**Supplied material:**
···
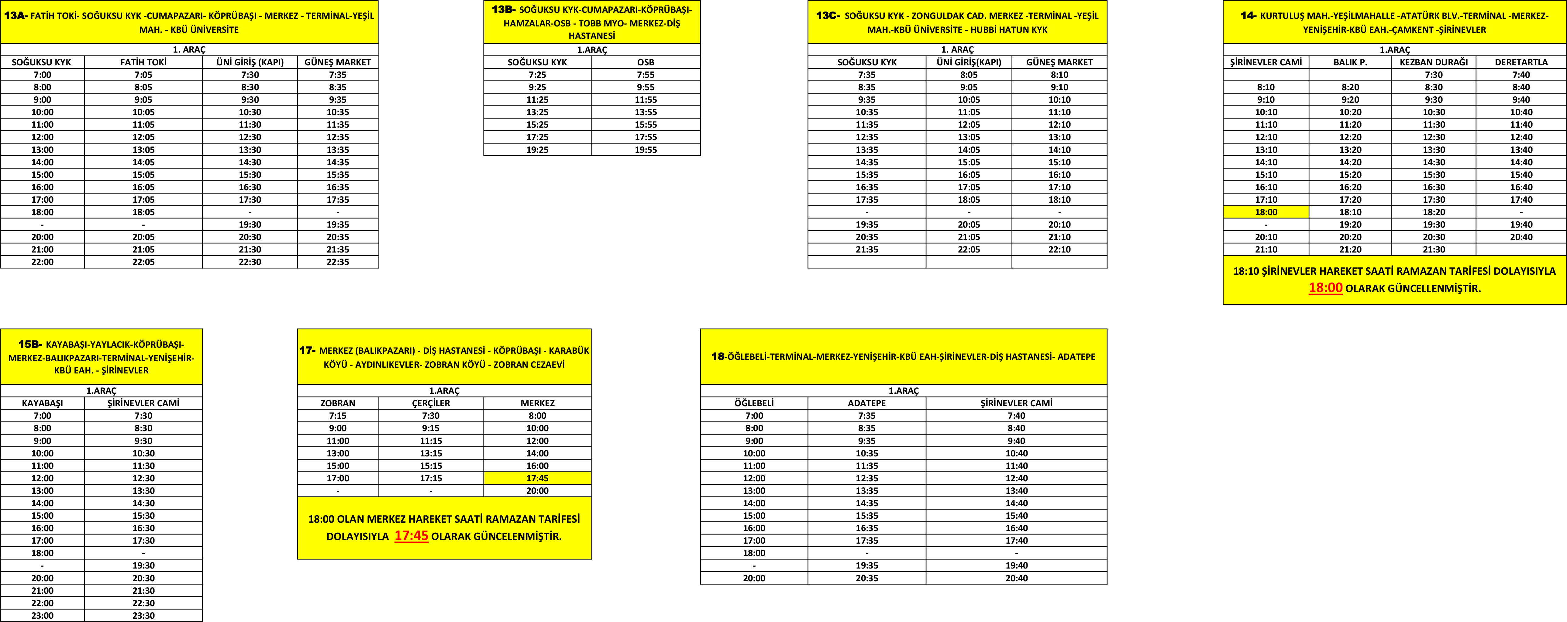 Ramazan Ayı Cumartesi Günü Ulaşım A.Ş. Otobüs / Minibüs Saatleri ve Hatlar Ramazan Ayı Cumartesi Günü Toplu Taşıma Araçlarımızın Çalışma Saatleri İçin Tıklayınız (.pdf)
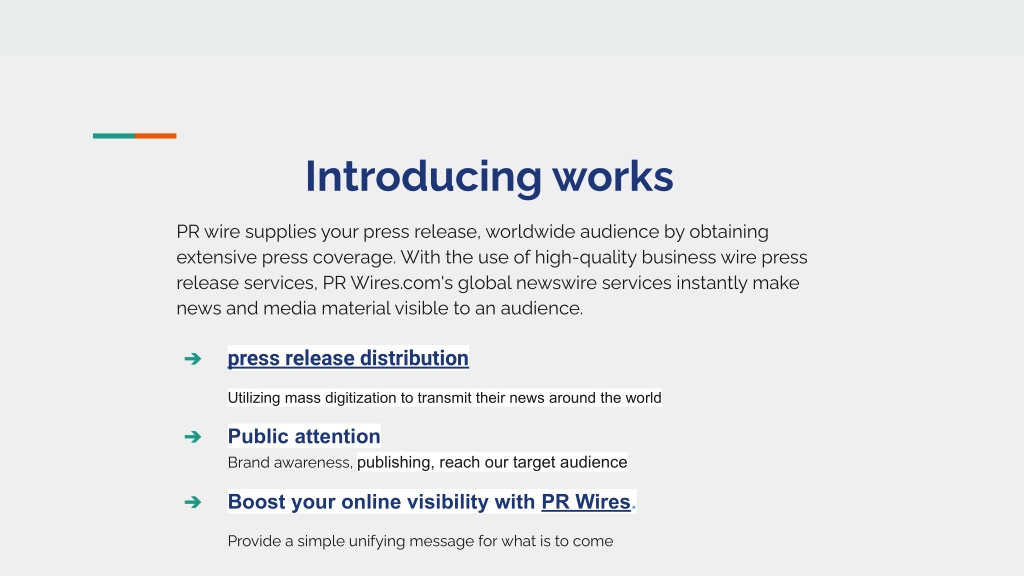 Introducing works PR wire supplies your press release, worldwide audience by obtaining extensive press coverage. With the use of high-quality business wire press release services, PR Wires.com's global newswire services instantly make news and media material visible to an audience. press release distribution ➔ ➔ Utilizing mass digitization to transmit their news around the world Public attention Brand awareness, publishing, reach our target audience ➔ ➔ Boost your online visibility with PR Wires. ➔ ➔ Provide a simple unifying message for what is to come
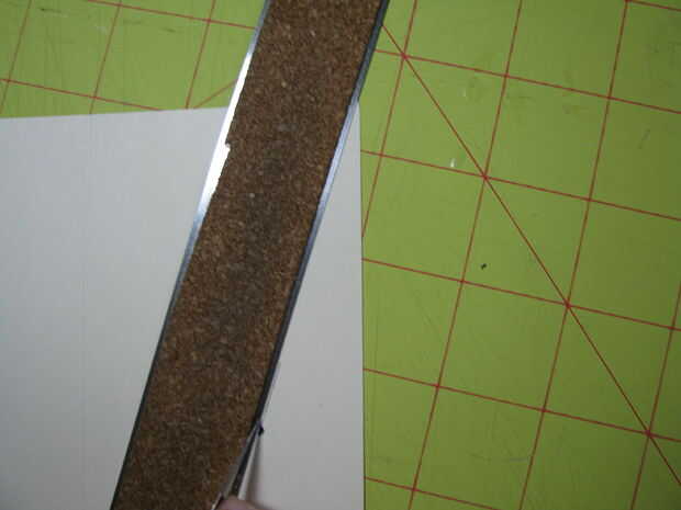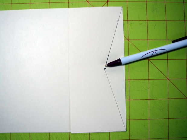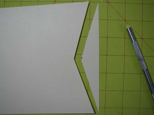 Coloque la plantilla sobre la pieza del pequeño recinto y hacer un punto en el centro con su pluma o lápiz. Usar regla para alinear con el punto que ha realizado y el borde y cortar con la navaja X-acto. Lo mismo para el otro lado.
···
**Problem statement:** Pictures stay out of the copy; print the material above exactly.

**Answer for this exercise:**
 Ramazan Ayı Cumartesi Günü Ulaşım A.Ş. Otobüs / Minibüs Saatleri ve Hatlar Ramazan Ayı Cumartesi Günü Toplu Taşıma Araçlarımızın Çalışma Saatleri İçin Tıklayınız (.pdf)
 Introducing works PR wire supplies your press release, worldwide audience by obtaining extensive press coverage. With the use of high-quality business wire press release services, PR Wires.com's global newswire services instantly make news and media material visible to an audience. press release distribution ➔ ➔ Utilizing mass digitization to transmit their news around the world Public attention Brand awareness, publishing, reach our target audience ➔ ➔ Boost your online visibility with PR Wires. ➔ ➔ Provide a simple unifying message for what is to come
 Coloque la plantilla sobre la pieza del pequeño recinto y hacer un punto en el centro con su pluma o lápiz. Usar regla para alinear con el punto que ha realizado y el borde y cortar con la navaja X-acto. Lo mismo para el otro lado.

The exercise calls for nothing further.